Lanças perfuravam a carne de inimigos desatentos. Corpos tombavam sobre a terra encharcada de sangue, enquanto estandartes tremulavam sob o vento cortante, marcando a disputa feroz por cada pedaço de terreno. Além da brutalidade de ofensivas corpo-a-corpo, o confronto contornava a limitação da sua linha de ataque com a precisão de um combate à distância.

Catapultas eram acionadas com estrondos ensurdecedores, destroçando carroças atingidas a partir de projéteis pesados. Aptos para complementar o cerco estratégico, arqueiros disparavam em formação, engatilhados com enxames de flechas que obscureciam o céu antes de cravar-se em armaduras inimigas.

Cabelos loiros se destacaram em meio a incontáveis cabeças protegidas, uma vez que elmos não faziam o estilo do recém-chegado. Como um presente de boas-vindas, a aparição de Roccan foi recebida com um corte em seu joelho, fruto do manejo descontrolado de lâminas afiadas.
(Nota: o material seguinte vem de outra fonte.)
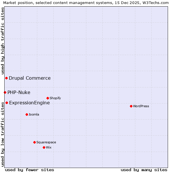 TechnologiesContent ManagementServer-side Languages Client-side Languages JavaScript Libraries CSS Frameworks Web Servers Web Panels Operating Systems Web Hosting Data Centers Reverse Proxies DNS Servers Email Servers SSL Certificate Authorities Content Delivery Traffic Analysis Tools Advertising Networks Tag Managers Social Widgets Site Elements Structured Data Markup Languages Character Encodings Image File Formats Top Level Domains Server Locations Content Languages | Technologies > Content Management > Technology usage comparison Comparison of the usage statistics of ExpressionEngine vs. Drupal Commerce vs. PHP-Nuke for websitesThis report shows the usage statistics of ExpressionEngine vs. Drupal Commerce vs. PHP-Nuke as content management system on the web. See technologies overview for explanations on the methodologies used in the surveys. Our reports are updated daily. Usage and market shareThis diagram shows the percentages of websites using the selected technologies. How to read the diagram:
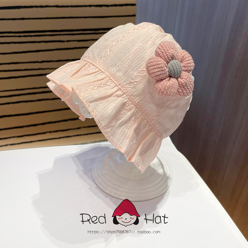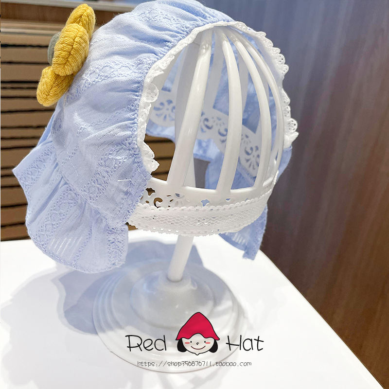 婴儿卤门帽子夏季网纱薄款纯棉满月7个月防风薄款公主可爱防风帽
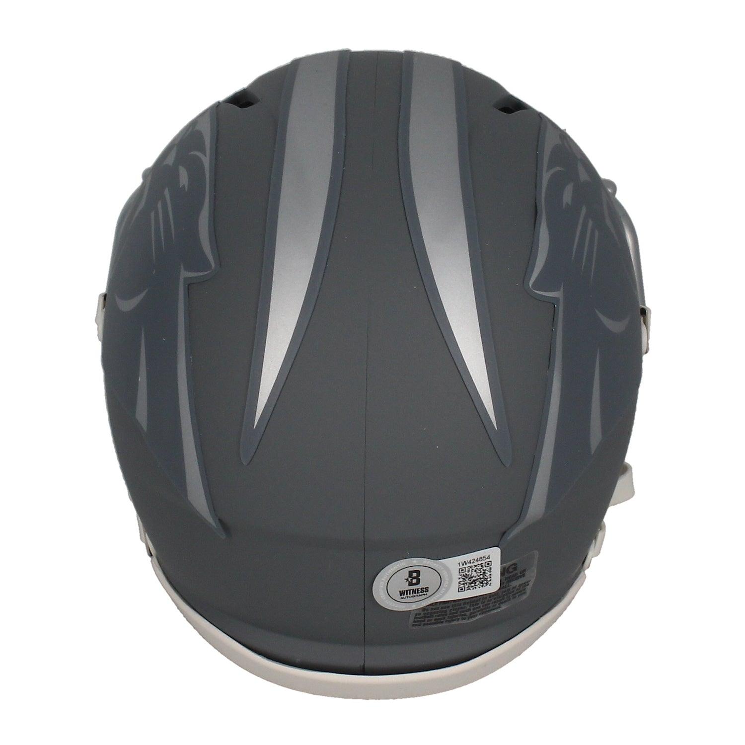 Riddell Carolina Panthers slate alternate speed mini helmet has been hand-signed by Julius Peppers (HOF).

“Uma guerra!?!?!? Desse jeito eu vou morrer de novo!!!”, concluiu ele.

Gritos fervorosos ditavam os próximos passos de um exército em constante progresso. A pressão da investida unilateral fez o inimigo recuar pela planície ampla, em uma movimentação que tornou a verdadeira natureza do embate fácil de ser compreendida. Não se tratava de um avanço mútuo, mas sim de uma perseguição.

— Eles estão fugindo!!! Mirem nos cavalos!!!

— Cuidado com os disparos! Se acertarmos a carroça errada, a derrota será nossa!!!

— Não parem!!! A nossa prioridade é alcançar aquele veículo! Mesmo que sofram alguns golpes, evitem colisões desnecessárias!

— Eles estão partindo em retirada! É a nossa chance!!!

No horizonte do campo de batalha, dez carroças eram escoltadas pelas forças em recuo, ao mesmo tempo em que seus rastros eram seguidos pelo ímpeto irrefreável de uma cavalaria fervorosa. A intensidade do galope fazia o solo estremecer, ao reverberar como um prenúncio do deslocamento desenfreado.

Repetidamente empurrado pelos corpos em constante locomoção, Roccan se viu imerso no caos da guerra. A tontura causada pelo caos, nunca antes vivenciado, o fez ter uma certeza: ele precisava fugir daquele lugar o mais rápido possível.

“É melhor eu sair daqui, ou…”

— Alguém me ajude!!! — Um berro desconhecido ecoou pelos arredores.

Nas proximidades do rapaz desamparado, gemidos de dor evidenciaram o estado crítico de uma vítima prestes a ceder. Socos e chutes se somavam a cortes rápidos para diferenciar a agressão de uma simples matança. A vulnerabilidade parecia caracterizar o cenário como um método de tortura.

Ao lado de um cavalo caído, uma mulher se encontrava no chão, enquanto era espancada por um grupo de homens enfurecidos. Ao invés de escapar com o restante de seu exército, os guerreiros furiosos focaram seus esforços na figura derrubada. Ela precisava pagar pelo o que havia feito.

— Traidora miserável! Quando o rei souber das suas ações, um destino pior do que a morte vai estar à sua espera.

— Devolvam o meu filho!!! Toker está naquela carroça!!! — respondeu a vítima da violência.

— Você está servindo as nossas tropas agora. Não importa se sua vila ou família estão envolvidas, as ordens são as mesmas.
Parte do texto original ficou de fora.